What you will do
Within the material below, how many lines carry the word "menu"? Answer with a single number.

Extracted information
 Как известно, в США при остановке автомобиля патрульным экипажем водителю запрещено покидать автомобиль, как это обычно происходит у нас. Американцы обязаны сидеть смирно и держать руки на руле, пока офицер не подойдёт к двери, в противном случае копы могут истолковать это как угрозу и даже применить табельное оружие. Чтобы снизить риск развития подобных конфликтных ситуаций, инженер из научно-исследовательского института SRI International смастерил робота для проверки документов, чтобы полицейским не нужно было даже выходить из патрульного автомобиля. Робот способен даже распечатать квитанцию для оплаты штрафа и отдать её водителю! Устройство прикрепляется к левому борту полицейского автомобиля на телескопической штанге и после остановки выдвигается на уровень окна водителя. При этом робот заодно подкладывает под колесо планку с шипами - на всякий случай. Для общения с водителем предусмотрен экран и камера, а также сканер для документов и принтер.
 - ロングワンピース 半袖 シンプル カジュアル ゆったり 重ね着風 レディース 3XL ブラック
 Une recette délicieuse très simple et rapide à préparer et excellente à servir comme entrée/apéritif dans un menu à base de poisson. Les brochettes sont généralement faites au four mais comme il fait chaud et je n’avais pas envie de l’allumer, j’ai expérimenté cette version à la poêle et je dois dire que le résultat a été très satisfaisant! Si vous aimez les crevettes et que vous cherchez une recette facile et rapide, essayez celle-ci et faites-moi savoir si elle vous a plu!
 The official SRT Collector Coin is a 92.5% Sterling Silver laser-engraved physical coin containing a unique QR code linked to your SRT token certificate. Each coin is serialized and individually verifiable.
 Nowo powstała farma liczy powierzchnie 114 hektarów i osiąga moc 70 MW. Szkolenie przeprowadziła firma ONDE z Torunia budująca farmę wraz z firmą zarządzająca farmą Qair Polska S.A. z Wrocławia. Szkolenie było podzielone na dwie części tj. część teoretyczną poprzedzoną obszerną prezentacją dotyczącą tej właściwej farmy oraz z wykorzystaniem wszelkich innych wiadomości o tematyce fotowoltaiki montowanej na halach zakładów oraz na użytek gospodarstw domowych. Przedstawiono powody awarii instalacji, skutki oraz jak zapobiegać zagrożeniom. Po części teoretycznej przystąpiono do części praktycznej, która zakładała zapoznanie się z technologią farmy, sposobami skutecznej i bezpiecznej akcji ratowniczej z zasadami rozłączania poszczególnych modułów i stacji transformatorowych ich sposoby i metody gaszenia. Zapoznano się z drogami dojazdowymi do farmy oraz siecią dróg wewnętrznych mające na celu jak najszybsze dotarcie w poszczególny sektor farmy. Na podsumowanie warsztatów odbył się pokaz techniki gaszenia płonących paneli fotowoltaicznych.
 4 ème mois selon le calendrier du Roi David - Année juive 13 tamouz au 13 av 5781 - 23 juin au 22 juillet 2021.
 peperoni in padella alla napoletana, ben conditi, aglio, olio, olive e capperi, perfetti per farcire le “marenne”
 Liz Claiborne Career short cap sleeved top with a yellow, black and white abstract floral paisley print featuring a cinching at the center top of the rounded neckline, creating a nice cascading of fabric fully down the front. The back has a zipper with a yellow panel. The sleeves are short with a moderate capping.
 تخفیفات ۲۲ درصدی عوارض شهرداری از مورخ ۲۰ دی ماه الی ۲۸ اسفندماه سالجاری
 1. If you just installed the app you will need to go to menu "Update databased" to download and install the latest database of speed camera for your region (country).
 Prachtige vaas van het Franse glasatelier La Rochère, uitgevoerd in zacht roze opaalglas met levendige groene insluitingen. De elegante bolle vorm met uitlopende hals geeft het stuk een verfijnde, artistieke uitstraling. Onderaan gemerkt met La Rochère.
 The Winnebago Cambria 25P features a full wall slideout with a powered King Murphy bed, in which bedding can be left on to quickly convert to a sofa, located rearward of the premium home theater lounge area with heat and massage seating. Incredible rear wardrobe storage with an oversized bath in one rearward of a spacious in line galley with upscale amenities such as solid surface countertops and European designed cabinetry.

Completed exercise
2